(GIVEN RECORDS Opens)

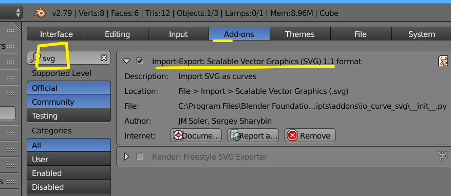 Hola buenas alguien sabe cómo solucionar el error al importar un archivo.svg en Blender, activé la casilla add-ons import/export svg, reinstalé Blender 2.78 ,2.79 pero aún continúa el error traceback (most recent call last).
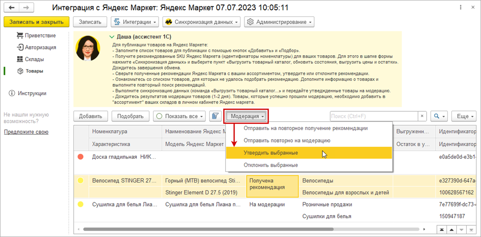 Утвердите или отклоните рекомендации с помощью команд меню "Модерация" или в карточке публикуемого товара.
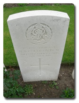 | Citation: | MFP. France & Flanders. DCM citation.P/3479 LANCE CORPORAL (ACTING SGT) H A COLLISON MILITARY FOOT POLICEFor conspicuous gallantry and devotion to duty. He has served at the front during many engagements. His duties, which mainly consisted in making inquiries into the alleged looting of the dead, took him frequently into positions of great personal danger. |
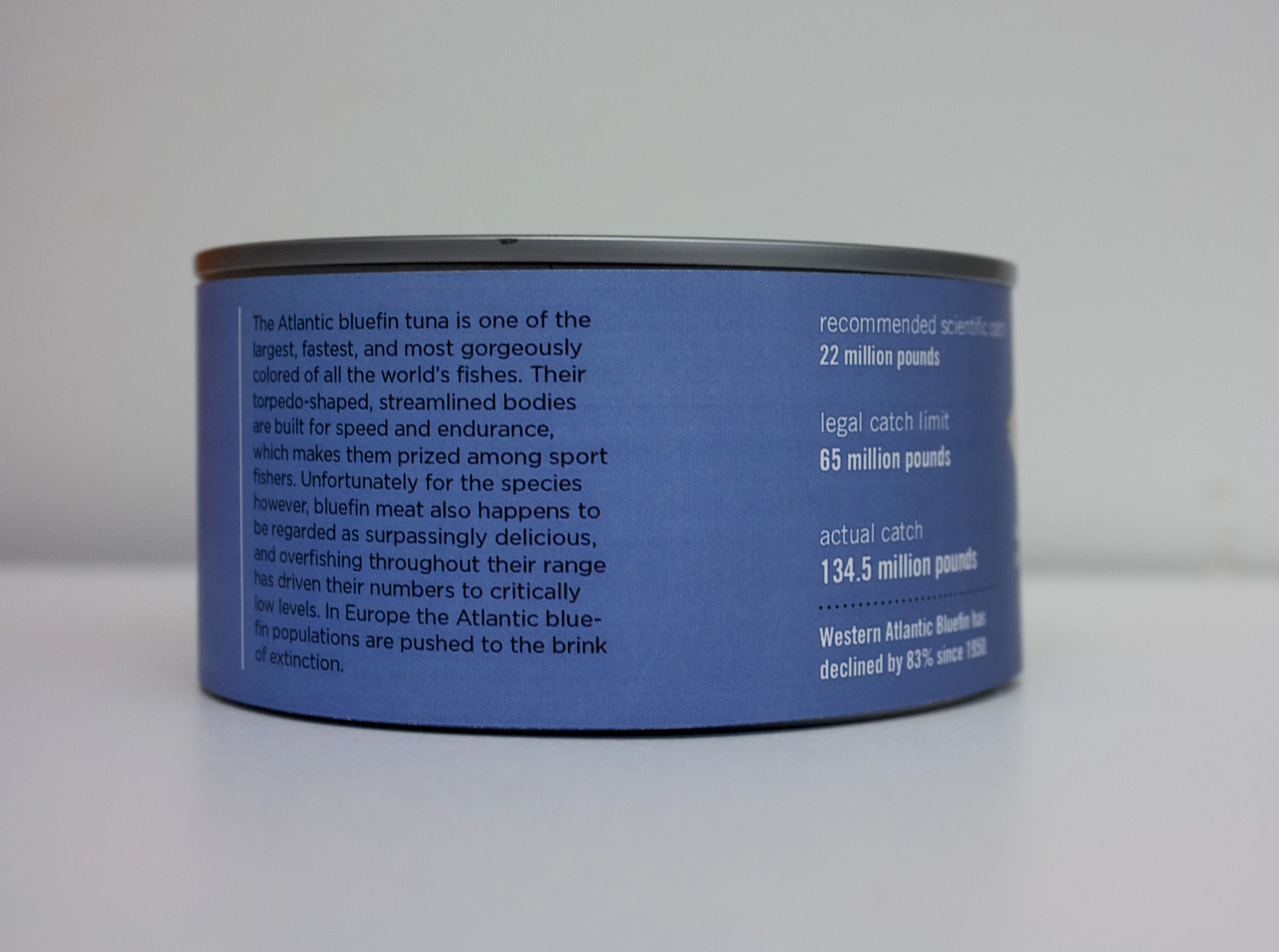 A take on the traditional tuna can by replacing all its information with little known facts about the decline in tuna populations.
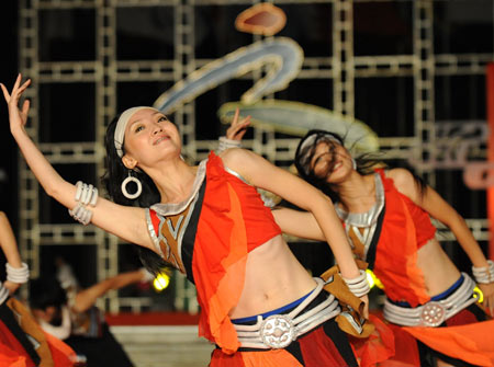 Chinese dancers perform at the flag-raising square at the Beijing Paralympic Village on the Mid-autumn night Sept. 14, 2008. China is celebrating the Mid-Autumn Festival, a traditional Chinese holiday for family reunion and mooncakes, which falls on September 14 this year. [Xinhua]
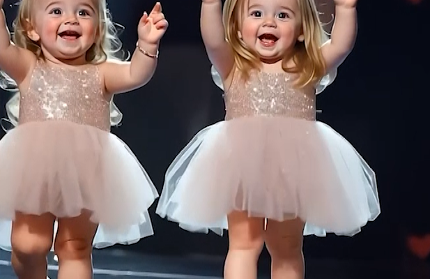 They wore soft pink tutu dresses, shimmering with sequins that seemed to dance with them. Ribbons adorned their curls, and tiny white shoes padded across the stage with uncontainable energy. The moment they appeared, the audience gasped—then melted.
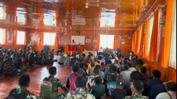 Sementara itu, Pendeta Danius Yoman menyampaikan rasa syukur atas kehadiran prajurit Satgas Yonif 743/PSY yang selalu mendukung pelayanan gereja serta menebarkan kasih di tengah jemaat.
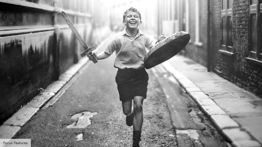 그러니 영화를 반짝이게 하는 것은 1969년의 실제 벨파스트가 아니라, 버디의 기억이다. 피 터지는 종교분쟁은 그럴 수 없지만, 영화를 보듯 빛나는 시선으로 세상을 봤던 어린 아이로서의 기억은 눈부실 수 있다. 폭도들이 동네에 들이닥칠 때 카메라는 버디가 절체절명의 위기를 목전에 둔 영웅인 것처럼 주변을 둥글게 돌며 겁에 질린 얼굴을 훑고, 버디의 엄마는 버디가 들고 있던 쓰레기통 뚜껑을 방패삼아 난리통을 뚫고 멋지게 버디를 구해낸다. 가톨릭 급진주의자들이 협박해올 때의 아빠는 무섭게 번쩍이는 눈으로 그들을 정면으로 바라보며, 언제나 단호하게 그들을 물리친다. 영화가 그리는 삶은 결코 사실적이지 않다. 그것보단 영화를 좋아하는 아이가 자기가 본 것을 머릿속에서 영화에 빗대어 처리한 모양에 가깝다.
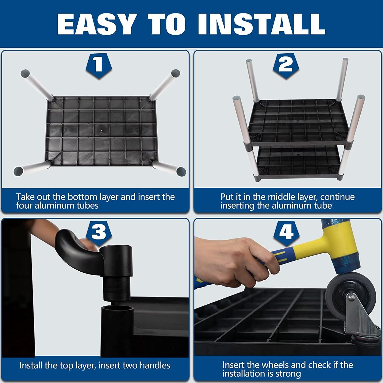 Service Cart with Wheels Lockable Large Size, Plastic Restaurant Cart Heavy Duty, Utility Commercial Cart for Office, Warehouse, Foodservice,40.1" L x 19.2" W x 38.5" H. Black (Large)
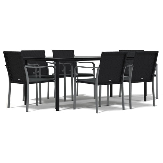 Set da Pranzo da Giardino 7 pz Nero con Cuscini in Polyrattan
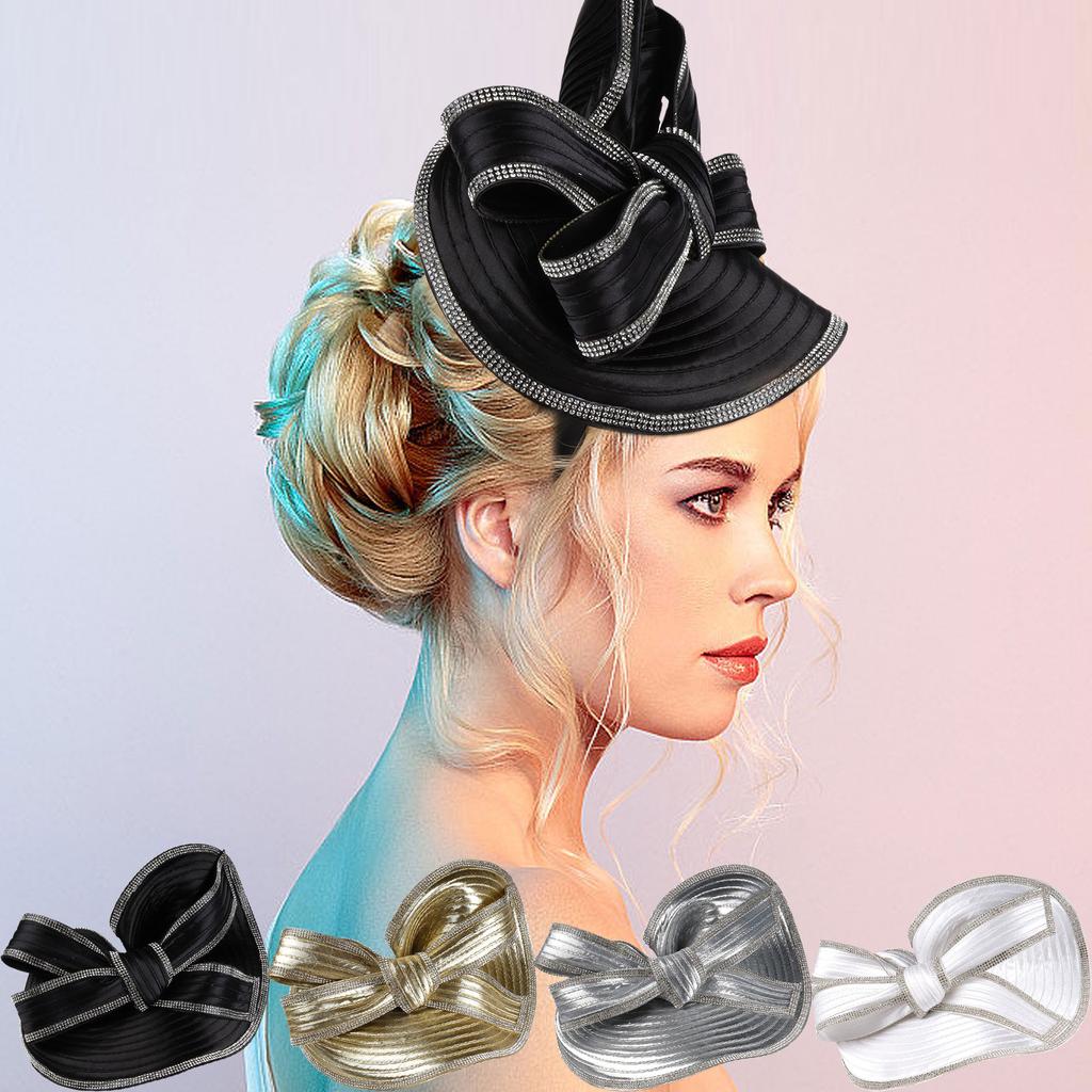 TeaParty Fascinator Hat Kentucky Derby Rhinestone Trim Hat Headband for Cocktail Big Bowknot Bowler Hat 1920s Church Hat
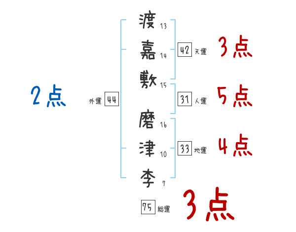 総運![]() | 渡嘉敷磨津李さんの総運は75画の3つ星!慎重な性格で保守的。 あなたの人生を表す1番重要な運勢です。生涯を通じて影響する総合運となり、主に50歳以降の晩年期に影響を及ぼします。 |
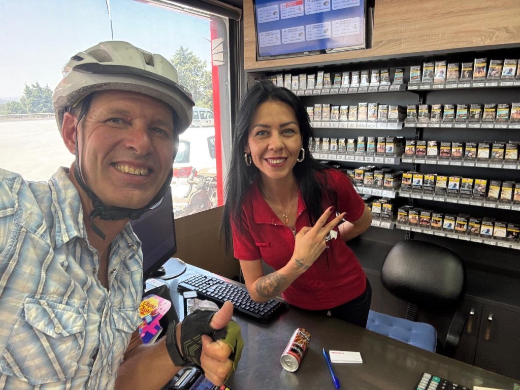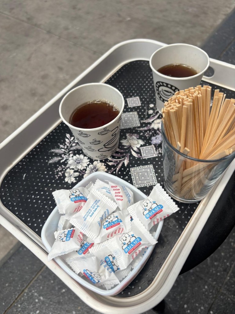 Anyway, after the compliment, she asked if we wanted tea. I love tea, and we’ve kind of gathered that tea is a thing here – kind of like it is in Morroco. A minute later we’re sitting outside the gas station and the cashier has given us a tray with a full tea service – as if we’re the King and Queen of England or something.
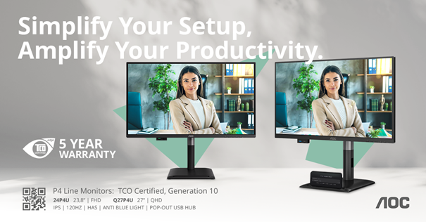 Společnost AOC, specialista na monitory, hrdě představuje svou řadu Professional P4, pečlivě sestavenou linii business monitorů navržených speciálně pro profesionální prostředí. Řada P4 reaguje na měnící se potřeby dnešních zaměstnanců a nabízí obnovovací frekvenci 120 Hz u všech modelů, snadno přístupný vysouvací USB hub včetně vyhrazeného portu USB-C a hardwarovou technologií s nízkým vyzařováním modrého světla s certifikací TÜV Eye Comfort.
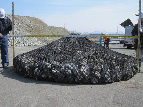 ・合成繊維で作られた袋体は、均一な粒径の中詰め材の替わりに現場発生材(玉石、割栗石、割石)および建設廃棄物(コンクリート塊)が使用できるため、環境負荷を低減でき、コスト縮減が図れる。
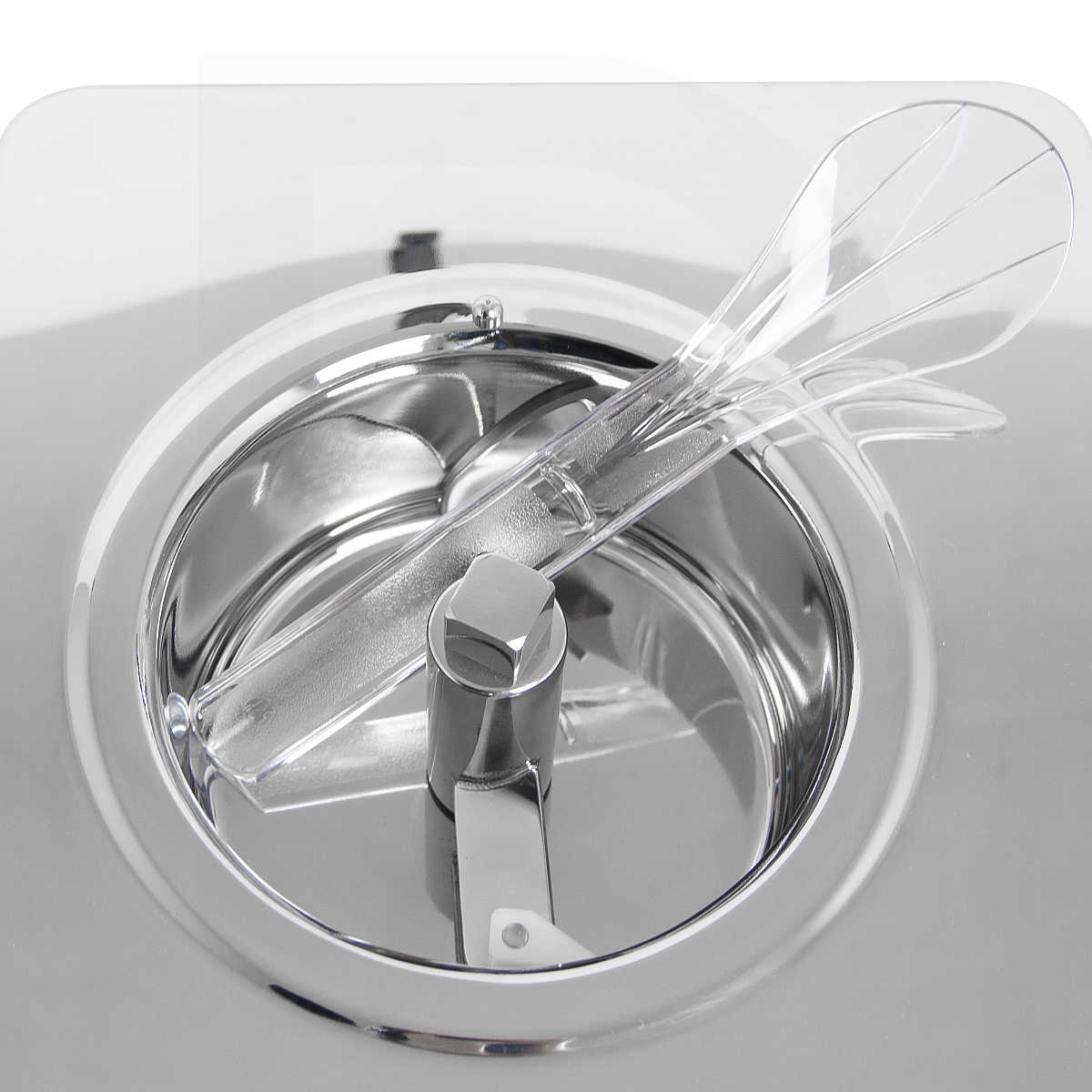 - Transparent lid with safety feature: the spatula stops automatically when the lid is removed.
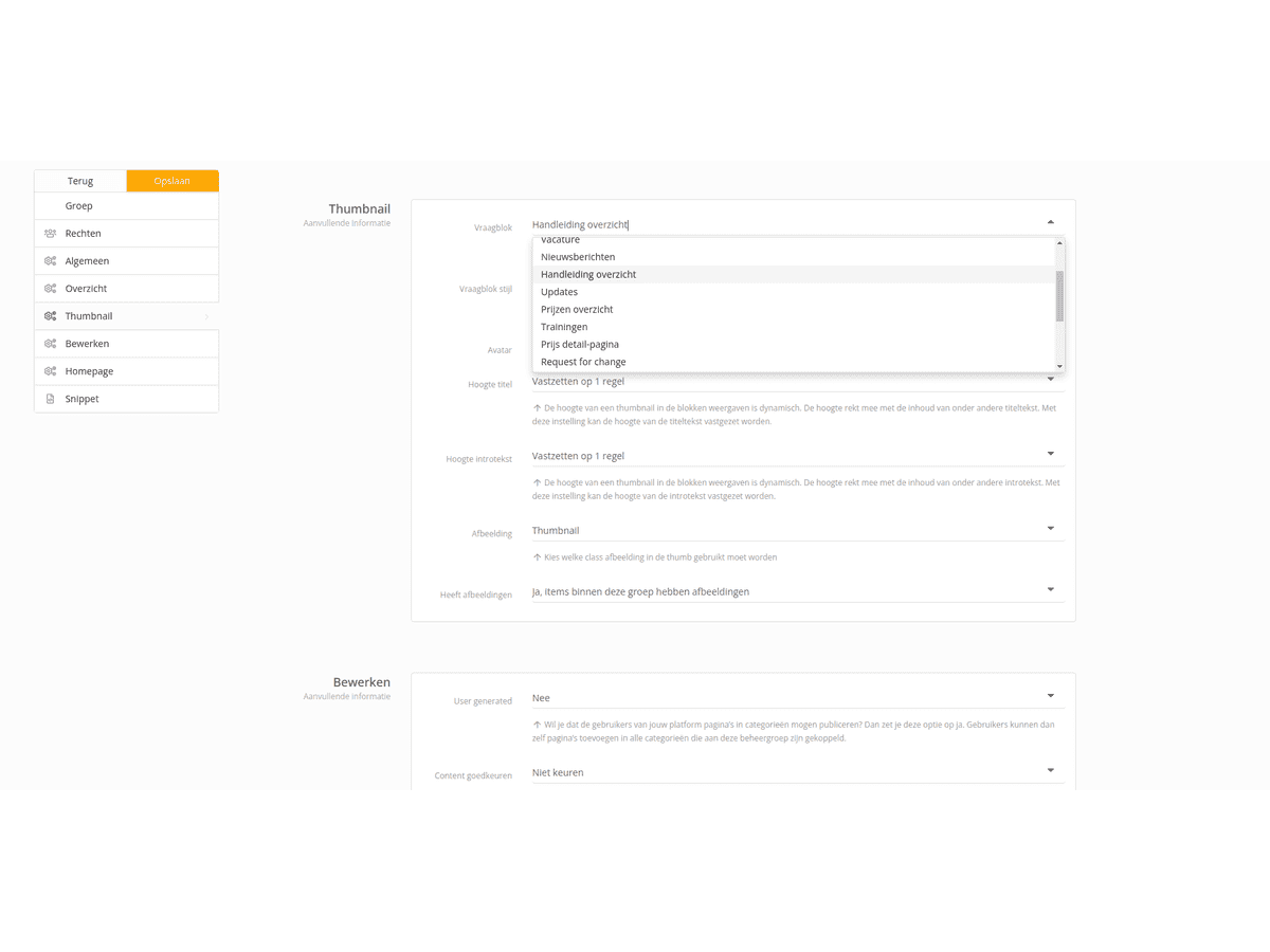 Per beheergroep kun je instellen welke vraagblok gebruikt wordt voor de thumbnail en voor de detailpagina. Voor de profielpagina staan deze standaard al gekoppeld en hoeft deze stap niet doorlopen te worden. Zorg ervoor dat eerst de beheergroep en de vraagblokken op de juiste manier zijn toegevoegd.
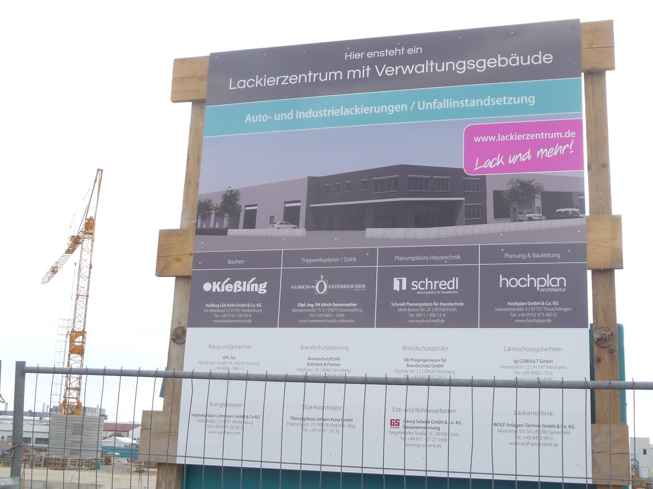 | Beschreibung | Bauschild für den Neubau eines Lackierzentrums in der Futuriastraße | ||
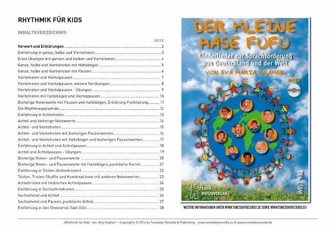 Dieses Notenheft erhebt dabei in keinster Weise den Anspruch alle rhythmischen Notationsformen und Möglichkeiten systematisch abzubilden. Dafür ist das Thema viel zu komplex! Vielmehr werden hier Eltern, Erzieher und vor allem die Kinder bei der Hand genommen, um bei moderat steigerndem Schwierigkeitsgrad rhythmische Übungen mit viel Vergnügen und Spielfreude zu meistern. Eine ideale Vorbereitung für spätere musikalische Erfahrungen, ob gemeinsam in einem musikalischen Ensemble oder alleine mit einem noch zu lernenden Musikinstrument.
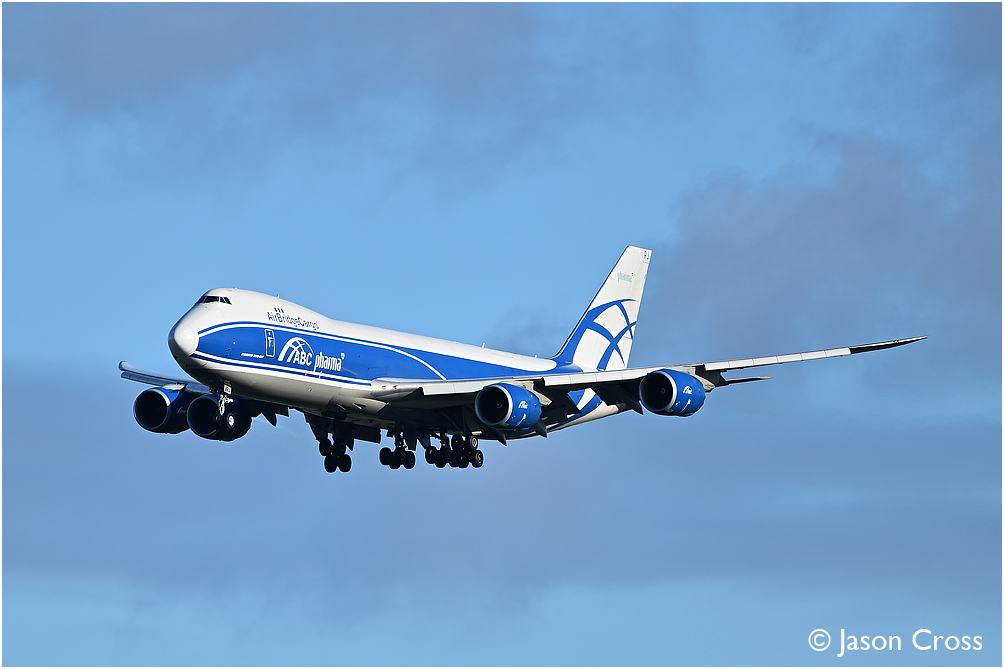 AirBridgeCargo Boeing 747 VQ-BRJ on final approach to runway 27 at East Midlands Airport with a cargo flight from Krasnoyarsk. Date: 21 November 2021 Manipulation Notes: None

(GIVEN RECORDS Closes)

> _INSTRUCTIONS FOR THE TASK_: The line holding "A take on the" starts the copy and the line holding "그러니 영화를 반짝이게" ends it. Repeat those two lines above and all between them exactly, leaving out pictures.

> _OUTPUT FOR THIS EXERCISE_:
 A take on the traditional tuna can by replacing all its information with little known facts about the decline in tuna populations.
 Chinese dancers perform at the flag-raising square at the Beijing Paralympic Village on the Mid-autumn night Sept. 14, 2008. China is celebrating the Mid-Autumn Festival, a traditional Chinese holiday for family reunion and mooncakes, which falls on September 14 this year. [Xinhua]
 They wore soft pink tutu dresses, shimmering with sequins that seemed to dance with them. Ribbons adorned their curls, and tiny white shoes padded across the stage with uncontainable energy. The moment they appeared, the audience gasped—then melted.
 Sementara itu, Pendeta Danius Yoman menyampaikan rasa syukur atas kehadiran prajurit Satgas Yonif 743/PSY yang selalu mendukung pelayanan gereja serta menebarkan kasih di tengah jemaat.
 그러니 영화를 반짝이게 하는 것은 1969년의 실제 벨파스트가 아니라, 버디의 기억이다. 피 터지는 종교분쟁은 그럴 수 없지만, 영화를 보듯 빛나는 시선으로 세상을 봤던 어린 아이로서의 기억은 눈부실 수 있다. 폭도들이 동네에 들이닥칠 때 카메라는 버디가 절체절명의 위기를 목전에 둔 영웅인 것처럼 주변을 둥글게 돌며 겁에 질린 얼굴을 훑고, 버디의 엄마는 버디가 들고 있던 쓰레기통 뚜껑을 방패삼아 난리통을 뚫고 멋지게 버디를 구해낸다. 가톨릭 급진주의자들이 협박해올 때의 아빠는 무섭게 번쩍이는 눈으로 그들을 정면으로 바라보며, 언제나 단호하게 그들을 물리친다. 영화가 그리는 삶은 결코 사실적이지 않다. 그것보단 영화를 좋아하는 아이가 자기가 본 것을 머릿속에서 영화에 빗대어 처리한 모양에 가깝다.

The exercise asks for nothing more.